Work to complete
Transcribe the whole listing without a single picture.

Information provided
════

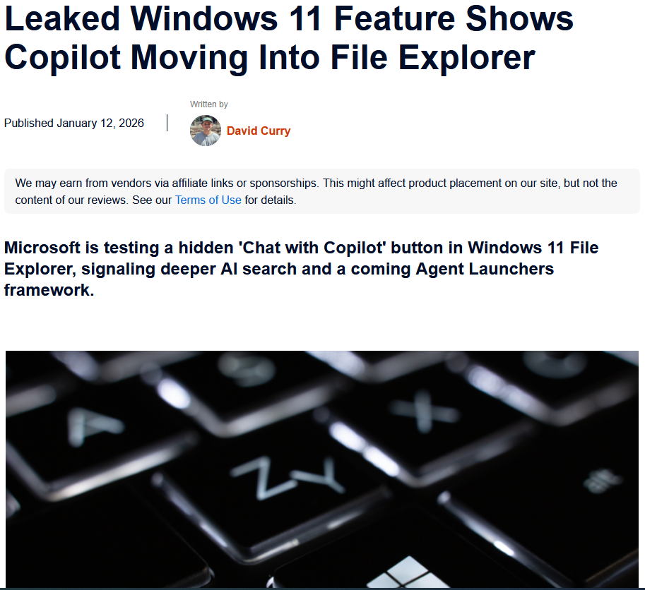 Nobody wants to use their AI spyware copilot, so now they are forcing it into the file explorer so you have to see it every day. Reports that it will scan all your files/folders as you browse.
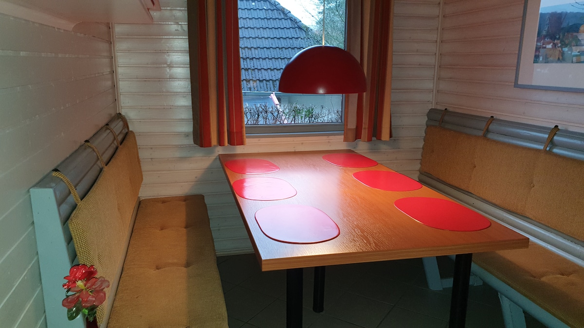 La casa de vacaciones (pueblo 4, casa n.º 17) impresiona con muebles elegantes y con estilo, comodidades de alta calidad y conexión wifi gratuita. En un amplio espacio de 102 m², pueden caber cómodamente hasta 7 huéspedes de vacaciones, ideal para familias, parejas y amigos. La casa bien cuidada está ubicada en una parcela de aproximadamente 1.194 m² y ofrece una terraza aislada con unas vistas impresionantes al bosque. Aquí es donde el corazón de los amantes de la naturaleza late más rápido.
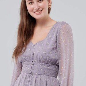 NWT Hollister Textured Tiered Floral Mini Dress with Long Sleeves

════

Solution to this exercise
 Nobody wants to use their AI spyware copilot, so now they are forcing it into the file explorer so you have to see it every day. Reports that it will scan all your files/folders as you browse.
 La casa de vacaciones (pueblo 4, casa n.º 17) impresiona con muebles elegantes y con estilo, comodidades de alta calidad y conexión wifi gratuita. En un amplio espacio de 102 m², pueden caber cómodamente hasta 7 huéspedes de vacaciones, ideal para familias, parejas y amigos. La casa bien cuidada está ubicada en una parcela de aproximadamente 1.194 m² y ofrece una terraza aislada con unas vistas impresionantes al bosque. Aquí es donde el corazón de los amantes de la naturaleza late más rápido.
 NWT Hollister Textured Tiered Floral Mini Dress with Long Sleeves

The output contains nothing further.